Dans l’édition la plus récente de la classification internationale des maladies, le craving est défini comme "un désir puissant ou compulsif d’utiliser une substance psychoactive" alors qu’on ne le veut pas à ce moment là. Ce symptôme fait partie des critères de la dépendance à une substance mais n’est pour autant pas obligatoire pour qualifier l’existence d’une addiction. Le craving peut persister des semaines voire des mois après l’arrêt de la substance, et peut survenir à n’importe quel moment.
Il peut être induit par des stimuli associés à l’usage de la substance. Par exemple, passer devant le rayon "alcool" d’un supermarché peut déclencher un épisode de craving, comme le stress et les émotions négatives. La plupart des chercheurs considèrent que le craving est un puissant facteur prédictif d’une reprise de consommation de la substance problématique.
Partant de ces observations, Olivier George, chercheur au Scripps Research Institute (TSRI), et ses collègues ont découvert que l'activation du GPR139 a réduit la consommation d'alcool et rétabli les seuils de sensibilité à la douleur chez les rats dépendants à l'alcool. Cette étude est la première à établir l'effet de la manipulation du GPR139 sur le comportement alcoolique et donne des pistes pour développer de nouveaux médicaments contre la dépendance à l’alcool.
Néanmoins, la littérature scientifique est de plus en plus prolixe quand aux associations entre le cerveau et la dépendance à l’alcool. Une nouvelle recherche vient tout juste de démontrer que l’amygdale pourrait expliquer pourquoi certaines personnes (en moyenne 15% de la population générale, NDLR) auraient plus de risques de devenir alcooliques que d’autres. Ces personnes produiraient trop faiblement le neurotransmetteur inhibiteur GAT3, et seraient dès lors plus sensibles aux effets de dépendance de l’alcool.
Les métabolismes des rats, très proches de ceux des humains
Pour parvenir à ces résultats, les chercheurs ont là aussi fait des tests sur des rats, connus pour avoir des métabolismes très proches de ceux des humains. Les animaux ont eu le choix entre consommer de l’eau sucrée ou boire de l’alcool. Au bout d’un moment, les sujets ont majoritairement préféré l’eau sucrée à l’alcool, excepté 15% d’entre eux. Ces derniers ont persisté dans leur choix, même lorsque les scientifiques leur ont administré une décharge électrique à la patte à chaque fois qu’ils préféraient l’alcool à l’eau sucrée. "L’une des caractéristiques fondamentales de la dépendance est que vous savez qu'elle va vous nuire, voire même vous tuer, et pourtant, vous continuez à le faire", explique Markus Heilig, directeur du Centre for Social and Affective Neuroscience. Une fois établi que 15% des rats étaient dépendants à l’alcool, les chercheurs ont étudié leur cerveau.

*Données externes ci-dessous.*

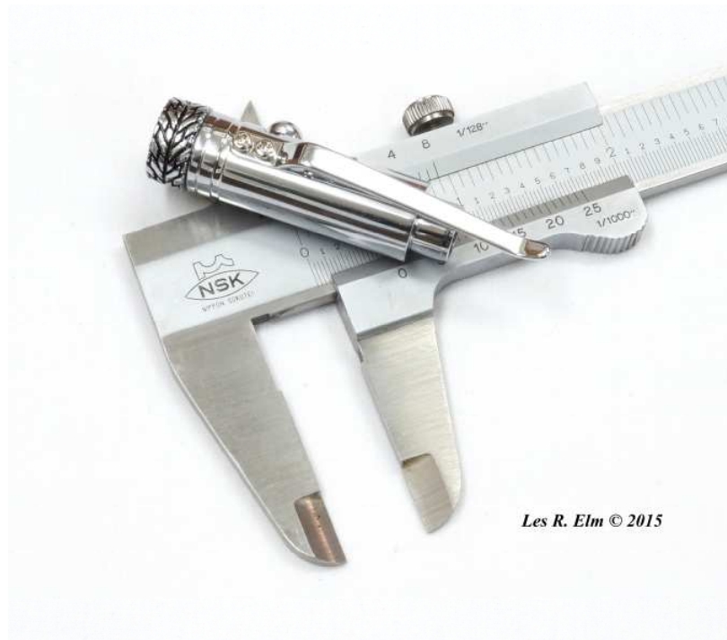
Finial Section Measurement at 0.495"

Résultat : le gène de la protéine GAT-3 était exprimé à des niveaux beaucoup plus bas au sein de toutes leurs amygdales. L’équipe a ensuite transposé cette découverte sur des humains décédés. Chez les personnes ayant eu une dépendance à l'alcool documentée, les niveaux de GAT-3 dans la région de l'amygdale étaient là aussi plus faibles que chez les sujets non alcooliques.
Lobby de l'alcool
En France, l'excès d’alcool continue à tuer en grande quantité, malgré une baisse de la consommation ces 50 dernières années, avec 49 000 morts tous les ans. L’alcool est responsable de 36 500 décès chez l'homme, ce qui représente 13% de la mortalité totale masculine, et de 12 500 décès chez la femme, soit 5% de la mortalité totale. Une consommation abusive entraîne des complications hépatiques, cardiovasculaires, neurologiques et des cancers.

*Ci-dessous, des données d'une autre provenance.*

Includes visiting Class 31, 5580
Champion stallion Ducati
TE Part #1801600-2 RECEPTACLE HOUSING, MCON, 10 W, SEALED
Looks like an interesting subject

Mis sous pression par l'Elysée, le lobby de l'alcool a présenté mercredi 27 juin sa "contribution" au plan de lutte contre l'alcoolisme. Ce dernier fait partie du plan national de santé publique porté par la ministre de la Santé Agnès Buzyn. Parmi les 30 mesures proposées, la plupart ont dans leur viseur la culture du "binge drinking" ("biture express") très courante chez les jeunes et l’alcoolisation fœtale qui concerne 700 à 1000 naissances par an.